Posted by Rob Moir on 2.18.09 at 6:39
Time for citizen action to prevent the destruction of yet another river. Where is the ELF when we need them?
Posted by reg on 2.18.09 at 10:29
Stephanie Kraft has written an insightful piece about this unusually biased process, and it was right of her to point out how state money is being spent on cross-purposes. How true that is. Some of the environmental groups who should have been front and center on this have instead been MIA for four years because they believed the developers numbers (which have now been proven to be full of errors in the developers' favor and to the detriment of the fishery). The Division of Fisheries and Wildlife was the main agent who went around selling this bad science to the Atlantic Salmon Federation and other groups. Still no one has heard from these critically important groups, even though this hearing officer has introduced unprecedented illegalities in the adjudicatory proceeding has embarrassed the DEP and the Governor from Springfield to Boston and beyond.

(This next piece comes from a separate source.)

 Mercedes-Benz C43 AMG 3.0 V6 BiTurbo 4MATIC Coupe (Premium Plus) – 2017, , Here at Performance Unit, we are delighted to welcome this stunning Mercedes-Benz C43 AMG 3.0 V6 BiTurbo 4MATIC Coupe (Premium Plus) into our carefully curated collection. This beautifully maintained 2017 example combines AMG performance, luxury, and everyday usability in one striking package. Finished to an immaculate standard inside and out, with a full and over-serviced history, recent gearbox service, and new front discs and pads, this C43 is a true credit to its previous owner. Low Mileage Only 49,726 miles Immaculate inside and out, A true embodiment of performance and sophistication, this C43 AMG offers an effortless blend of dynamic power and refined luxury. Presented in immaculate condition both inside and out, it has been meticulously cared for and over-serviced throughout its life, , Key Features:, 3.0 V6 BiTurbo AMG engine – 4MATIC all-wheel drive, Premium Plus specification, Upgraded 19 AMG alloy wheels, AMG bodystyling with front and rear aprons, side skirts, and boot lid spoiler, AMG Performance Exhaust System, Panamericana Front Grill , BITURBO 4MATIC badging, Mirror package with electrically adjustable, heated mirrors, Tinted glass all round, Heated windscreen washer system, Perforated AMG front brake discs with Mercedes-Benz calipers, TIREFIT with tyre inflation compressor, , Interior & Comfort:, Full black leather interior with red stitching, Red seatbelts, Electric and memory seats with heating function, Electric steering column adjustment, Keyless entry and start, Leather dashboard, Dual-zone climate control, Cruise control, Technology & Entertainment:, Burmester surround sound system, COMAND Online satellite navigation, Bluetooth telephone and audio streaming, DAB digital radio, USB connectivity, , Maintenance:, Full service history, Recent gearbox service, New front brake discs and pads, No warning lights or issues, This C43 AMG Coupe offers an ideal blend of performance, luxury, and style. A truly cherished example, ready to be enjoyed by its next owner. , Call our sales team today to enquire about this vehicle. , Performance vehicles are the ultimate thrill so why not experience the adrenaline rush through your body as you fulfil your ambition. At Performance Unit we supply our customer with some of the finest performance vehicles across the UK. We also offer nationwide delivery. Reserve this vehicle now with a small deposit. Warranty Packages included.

Posted by Jana Chicoine on 2.18.09 at 16:46
Clearly DEP and EOEEA could care less about the effects on the river from this plant. Then try to figure out where the wood is coming from to feed this plant. HINT: Look at the ramped up logging plans on our public lands, using clearcutting and other even aged forms of management, which damage the ecology of the forest permanently. Now, where are the enviro groups???

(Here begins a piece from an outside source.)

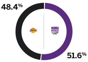 Trong số đó, tỷ lệ thắng của Lakers là 48,4% và tỷ lệ thắng của Kings là 51,6%.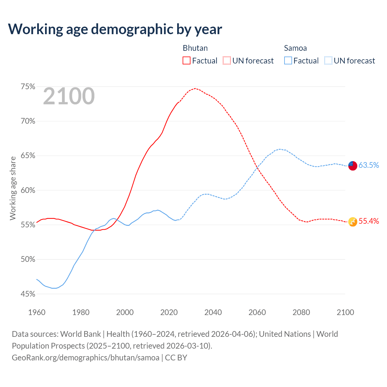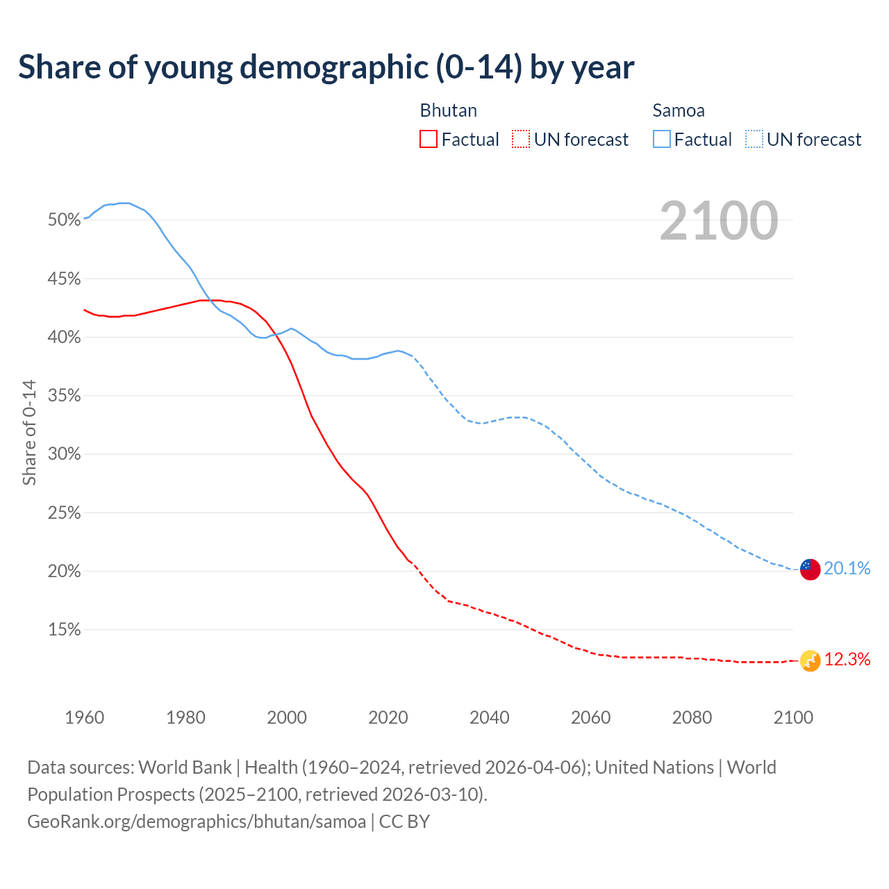 Median age Bhutan vs Samoa, 1960-2100

Posted by Ray on 2.18.09 at 18:47
I am greatly cocern that the DEP has seen fit to throw out anyones testimony. Isn't that the purpose of a hearing?
Posted by concerned citizen on 2.19.09 at 5:42
The Valley Advocate has done a commendable job bringing to light the DEP's current attitude toward protecting our rivers: it is one of blatant disregard for river ecology in favor of business. DEP has no evidence to show that this water withdrawal will be safe for the River. In addition, the hearing appeal process has been biased and indefensible. Its all about the money: the environmental groups and citizen testimony shows Russell Biomass will make a $1 billion dollar profit over 30 years - and they get to take the public's Westfield River water for free. Moreover, the company logs its own land so the trees that would otherwise be sequestering carbon are cut and burned and Russell Biomass has a free source of wood, too. The company asked DEP to throw out the citizen's testimony and the DEP gladly complied. I do need to correct one point in the article: Rushing Rivers isn't a party to the case so I don't represent them. Dr. Parasiewicz is providing testimony for my clients. Thank you Stephanie Kraft.
Posted by Meg Sheehan on 2.19.09 at 16:33
Great article, Stephanie Kraft. You inspired me to do some research and write the following letter to the editor to various newspapers: The state Department of Environmental Protection (DEP) held a hearing in Springfield during the week of January 25th. The hearing concerned an appeal of the water permit issued to Russell Biomass, LLC, for its proposed biomass incineration power plant in Russell, MA. The permit would allow for daily massive withdrawals of water from the Westfield River for cooling purposes in the plant. Six of the eight witnesses who were opposed to this permit and were prepared to give testimony at the hearing were denied the right to do so by DEP hearing officer Salvatore Giorlandino. Mr. Giorlandino ruled the six witnesses testimony as irrelevant from my understanding of what happened. I find this outrageous and my question is Why?. The witnesses denied were Dr. Piotr Parasiewicz, an internationally recognized expert on river issues, Henry Warchol, former president of the Westfield River Watershed Association, Peter Schilling of Trout Unlimited, John Berry, a Russell resident who owns Streamside Flyfishing, Bill Gogol, owner of a sporting store who has knowledge about stocking the river, and Carl LaFreniere, a kayaker, familiar with how water levels affect navigation on rivers. In my opinion, each person had something important to contribute to the hearing. Isnt the purpose of any hearing to hear all points of view and to gather expert testimony regarding the matter at hand? I am not an expert on how DEP conducts their hearings, however, as a taxpayer in the commonwealth, I feel something is wrong when a state agency selectively chooses who can and who can not testify at a hearing that affects the lives of the people who they serve. It is undemocratic. I believe that Governor Patrick should conduct an immediate investigation of this travesty.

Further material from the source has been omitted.